While a direct quantitative comparison with other FPGA and ASIC-based LLM accelerators is valuable, achieving a fair comparison is challenging. This is due to discrepancies in target models, quantization schemes, process technologies, and evaluation methodologies. For instance, some studies use isolated kernel benchmarks, whereas others perform E2E system-level measurements. Many papers report per- formance in TOPS or TOPS/W based on peak theoretical throughput, figures that often omit significant system-level overheads. Therefore, this work provides a detailed performance analysis of a general-purpose, non-specialized CGRA architecture, using the industry-standard llama.cpp. The C++ framework is used unmodified, and we compare our results against those of GPU platforms. Our evaluation inherently incorporates host-accelerator interactions and data transfer overheads, thereby offering a realistic assessment of systemlevel performance and energy efficiency.

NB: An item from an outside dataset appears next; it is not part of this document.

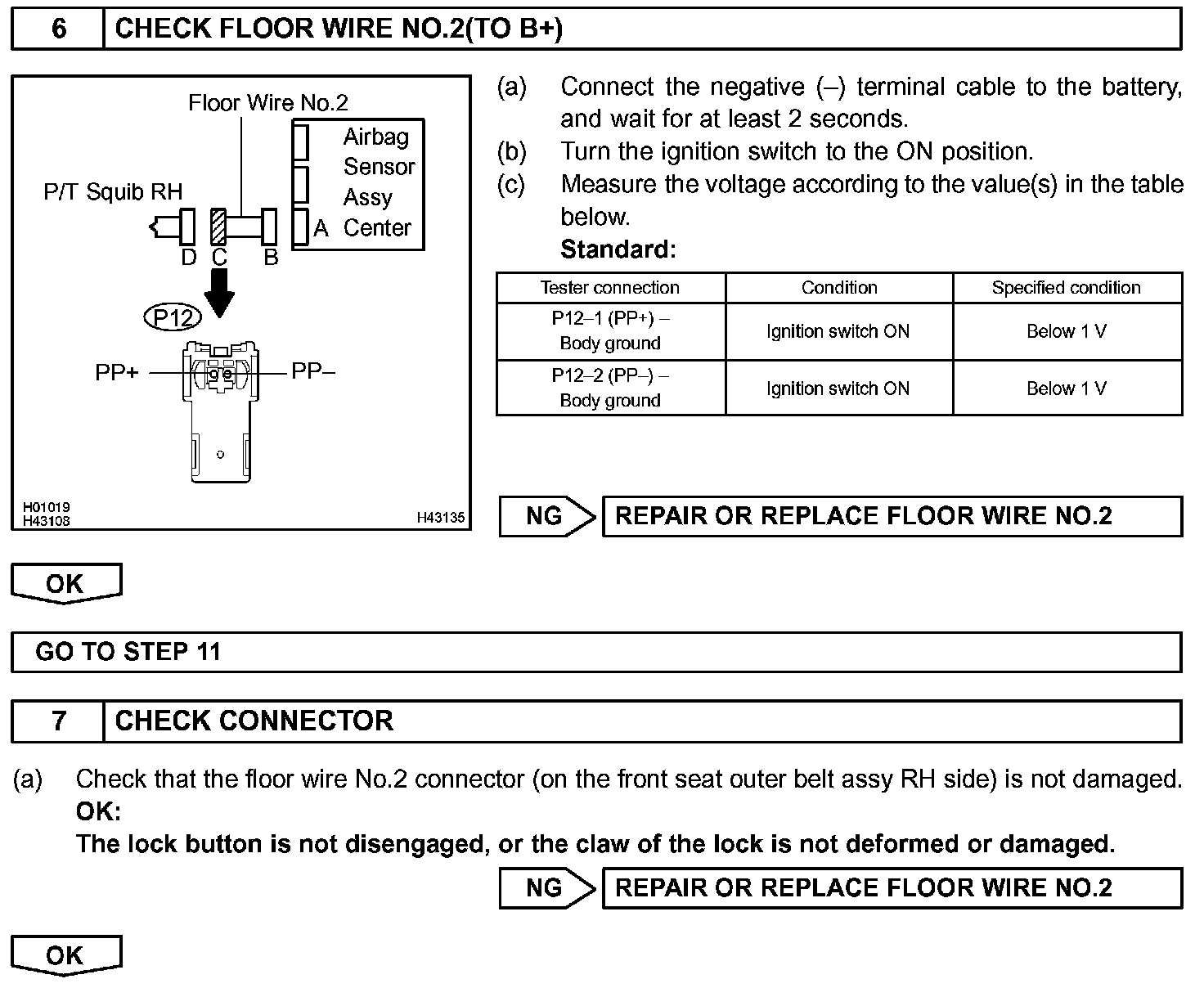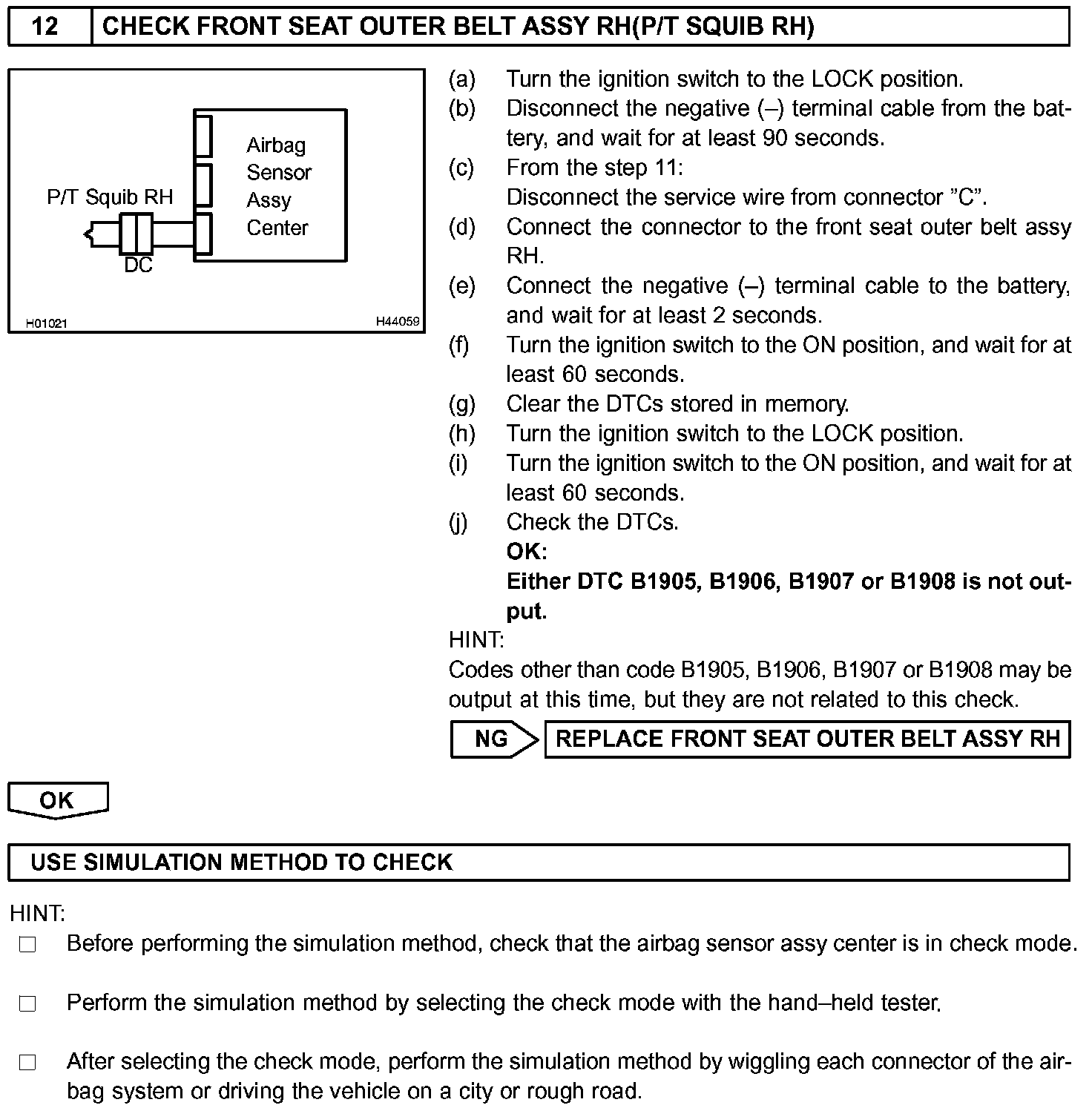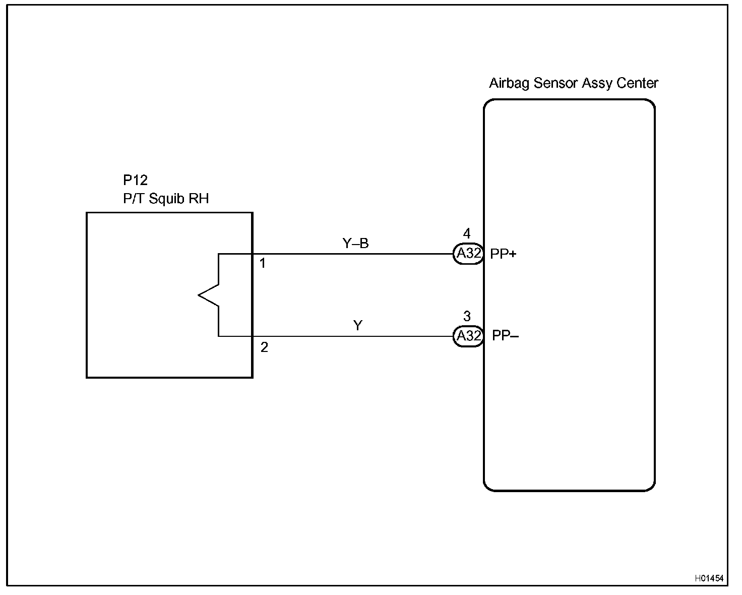 The P/T squib RH circuit consists of the airbag sensor assy center and the front seat outer belt assy RH (seat belt pretensioner RH).

The IMAX architecture is based on a different design approach from those previously mentioned. The architecture is designed for task-agnostic versatility, providing both linear scalability and high programmability through direct compilation from C/C++. IMAX employs a CGLA structure, arranges PEs and LMMs in an alternating pattern in a onedimensional array. This design addresses the complex routing and compilation challenges of conventional 2D meshbased CGRAs. The combination of this simple structure with multi-functional, CISC-based PEs allow IMAX to efficiently execute diverse workloads. These include not only linear operations like General Matrix Multiplication (GEMM) but also those involving irregular memory accesses and complex control flows. This linear topology is particularly well-suited for the dot-product operations that dominate LLM inference, providing a theoretical basis for its high energy efficiency. Specifically, weights and activations can be streamed through the one-dimensional array of PEs, creating a deep, deterministic pipeline. This structure improves spatial data locality and reuse. Data passed from one PE is immediately consumed by its neighbor, which eliminates the need for complex routing or access to a higher-level memory hierarchy. The highly regular and predictable memory access patterns inherent in this dataflow execution minimize the energy overhead associated with data movement and address calculation. These factors contribute significantly to reducing power consumption in conventional architectures.

Fig. 1 provides a high-level overview of the IMAX3 system architecture. Implemented on an AMD Versal VPK180 FPGA, IMAX3 is a System-on-Chip (SoC) consisting of a Processing System (PS) and Programmable Logic (PL). The PS serves as the host, featuring a dual-core Arm Cortex-A72 processor running Linux. It manages the entire workflow, from application compilation to execution control. A high-bandwidth Network-on-Chip (NoC) facilitates communication between the PS and PL, while a dedicated DMA controller efficiently transfers data between system memory and the accelerator. The accelerator core itself resides within the PL. It consists of eight independent compute lanes. This multi-lane design is central to the architecture’s scalability, as performance can be tailored by allocating a variable number of lanes to match an application’s degree of parallelism.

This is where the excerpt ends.